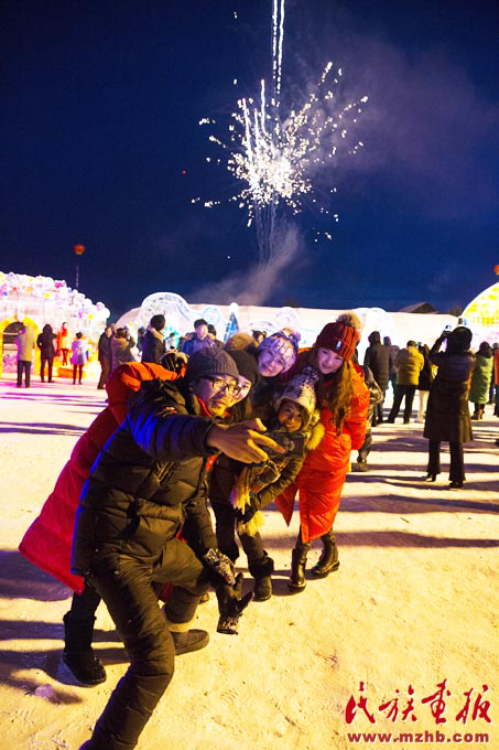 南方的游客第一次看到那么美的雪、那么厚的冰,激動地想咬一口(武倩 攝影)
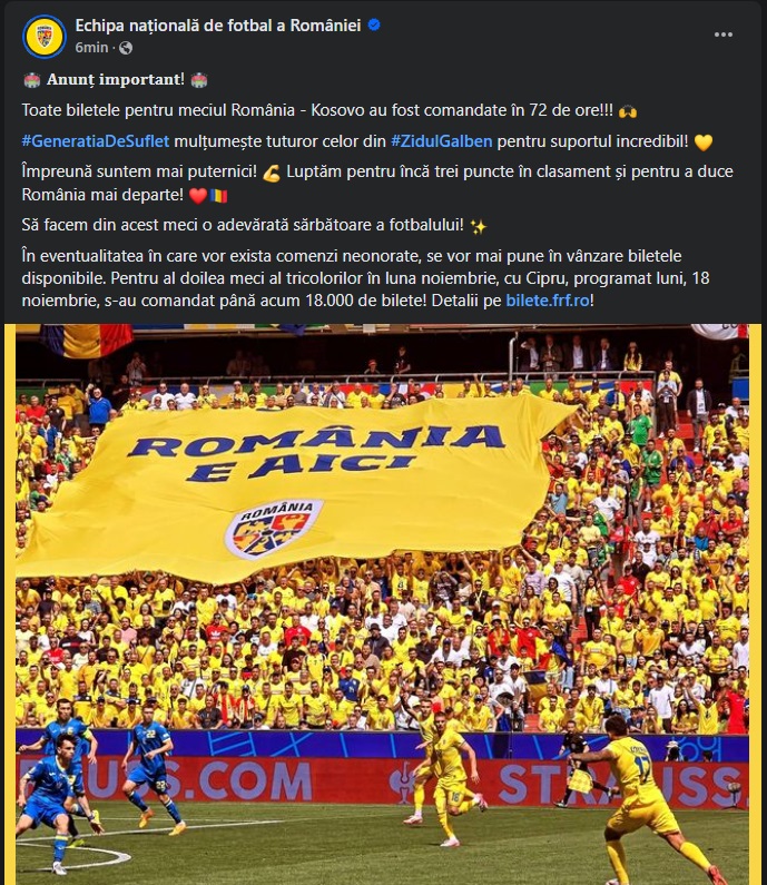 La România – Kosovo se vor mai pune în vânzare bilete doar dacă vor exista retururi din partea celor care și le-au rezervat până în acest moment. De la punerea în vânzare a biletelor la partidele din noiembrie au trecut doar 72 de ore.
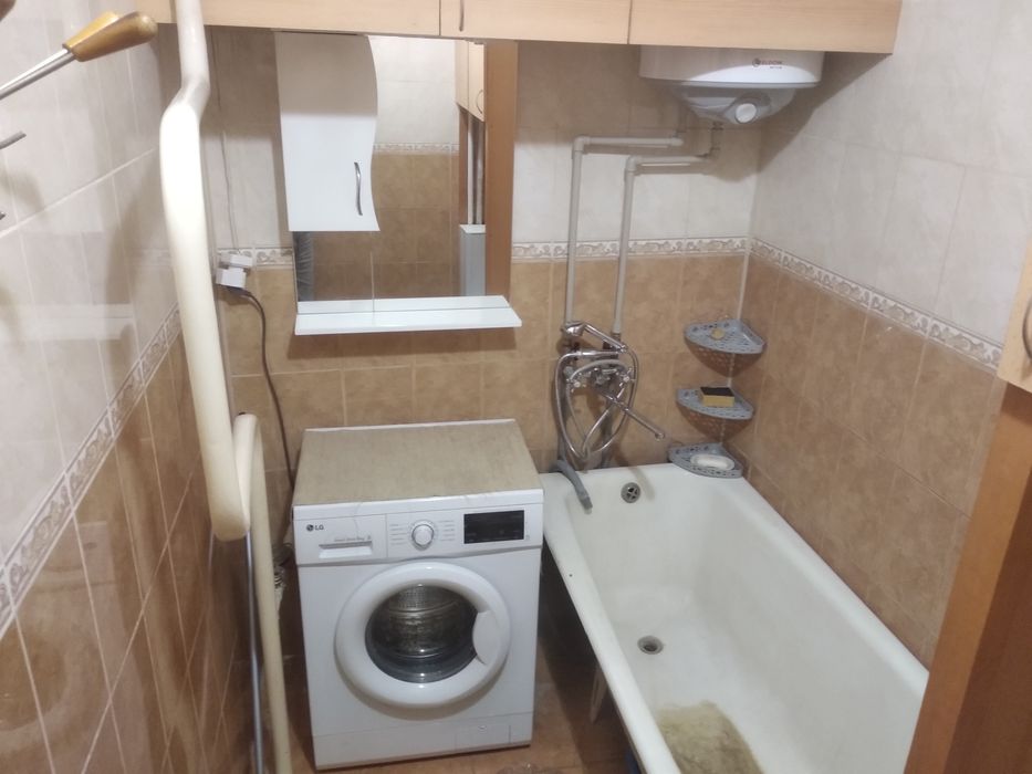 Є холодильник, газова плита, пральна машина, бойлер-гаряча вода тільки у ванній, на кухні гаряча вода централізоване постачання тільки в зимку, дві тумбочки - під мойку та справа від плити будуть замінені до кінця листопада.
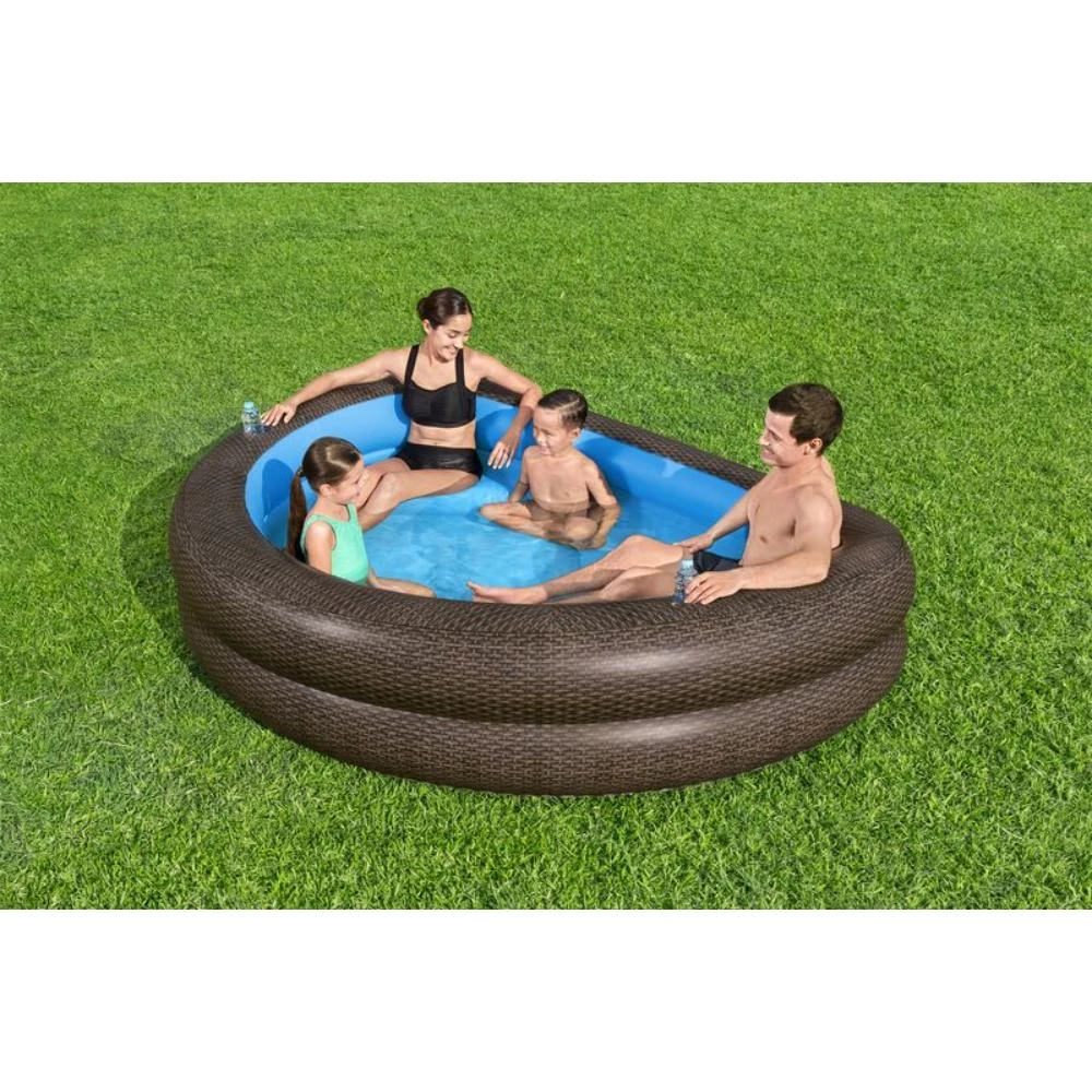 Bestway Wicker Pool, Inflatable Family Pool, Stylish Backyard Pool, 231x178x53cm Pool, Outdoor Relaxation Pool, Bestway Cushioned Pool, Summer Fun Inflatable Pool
----------
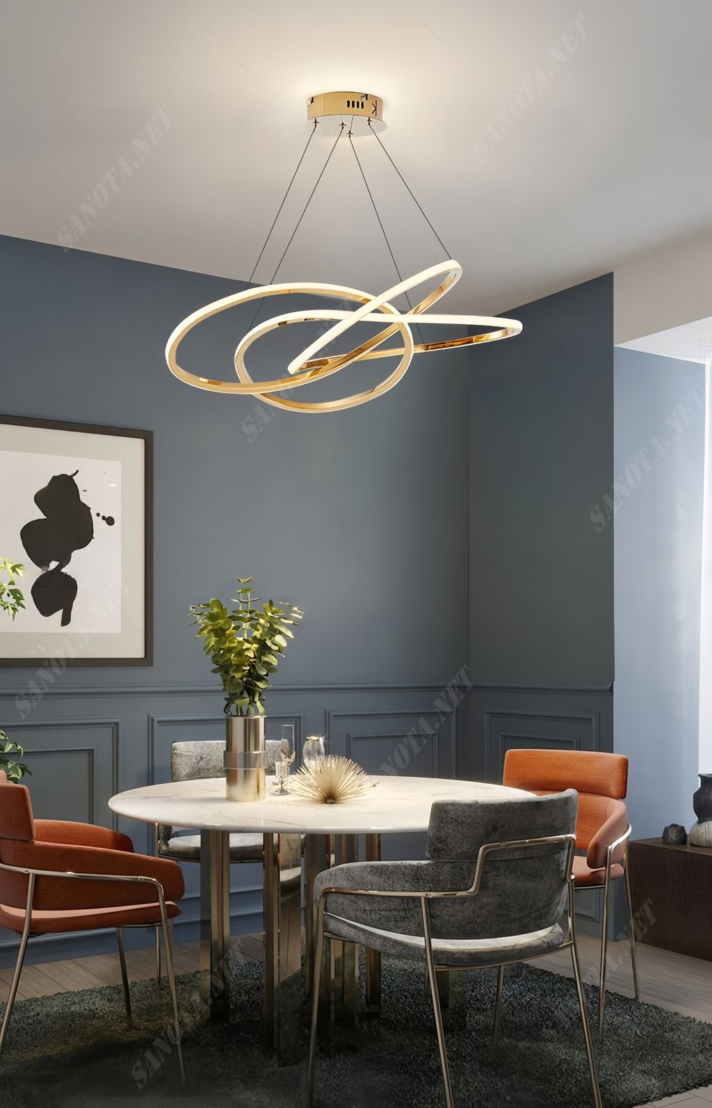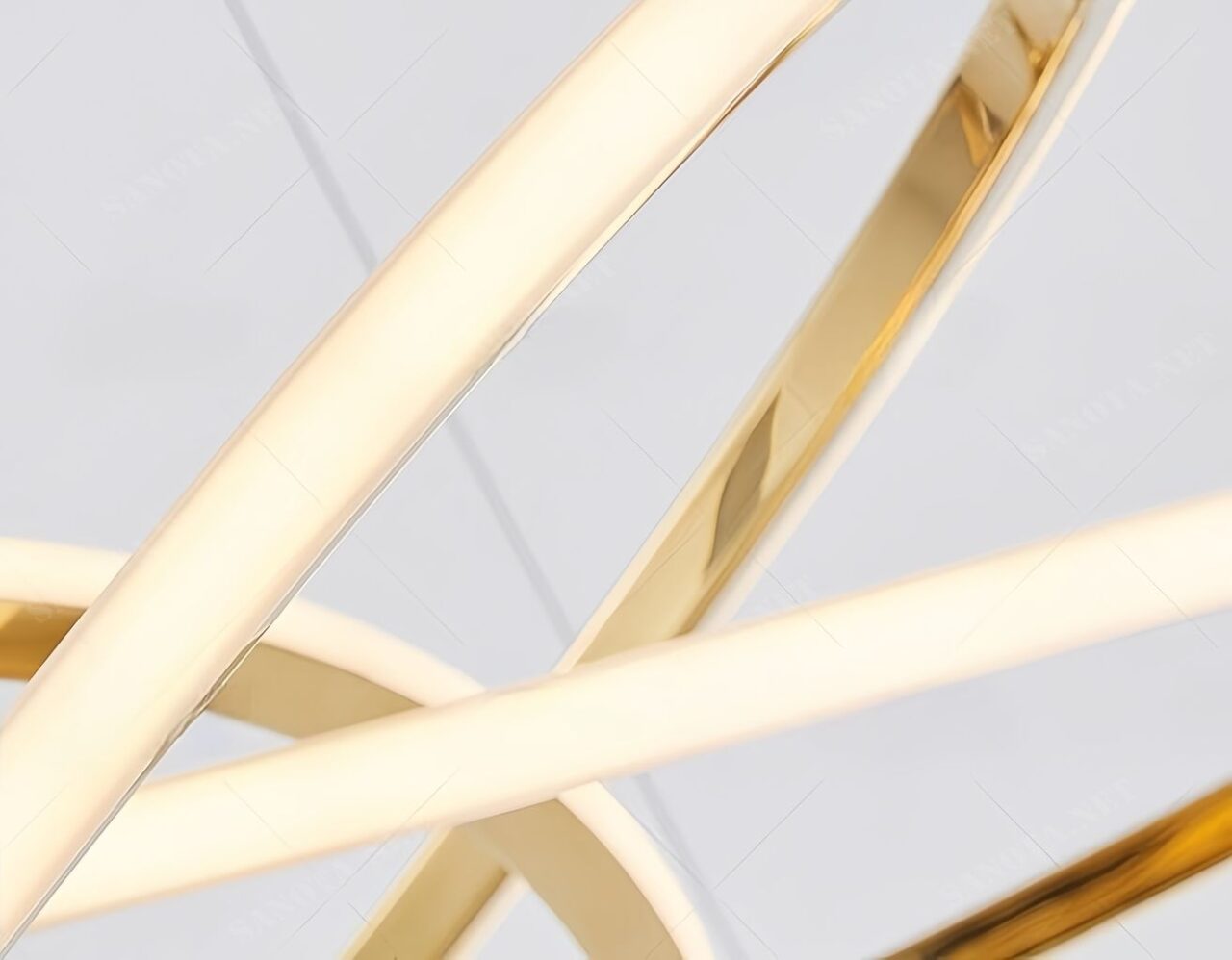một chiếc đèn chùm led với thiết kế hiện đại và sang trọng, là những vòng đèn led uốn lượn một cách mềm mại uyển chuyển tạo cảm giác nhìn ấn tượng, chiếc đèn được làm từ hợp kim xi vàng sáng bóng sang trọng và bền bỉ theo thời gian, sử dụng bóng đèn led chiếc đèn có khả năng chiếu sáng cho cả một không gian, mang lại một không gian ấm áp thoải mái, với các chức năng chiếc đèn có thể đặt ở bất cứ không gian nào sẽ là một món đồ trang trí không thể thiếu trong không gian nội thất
----------
> _EXERCISE_
From the listing above, restate verbatim the lines running from the one with "南方的游客第一次看到那么美的雪、那么厚的冰,激動地想咬一口(武倩 攝影)" through the one with "La România –", inclusive, but not the pictures.

> _OUTPUT FOR THIS TASK_
 南方的游客第一次看到那么美的雪、那么厚的冰,激動地想咬一口(武倩 攝影)
 La România – Kosovo se vor mai pune în vânzare bilete doar dacă vor exista retururi din partea celor care și le-au rezervat până în acest moment. De la punerea în vânzare a biletelor la partidele din noiembrie au trecut doar 72 de ore.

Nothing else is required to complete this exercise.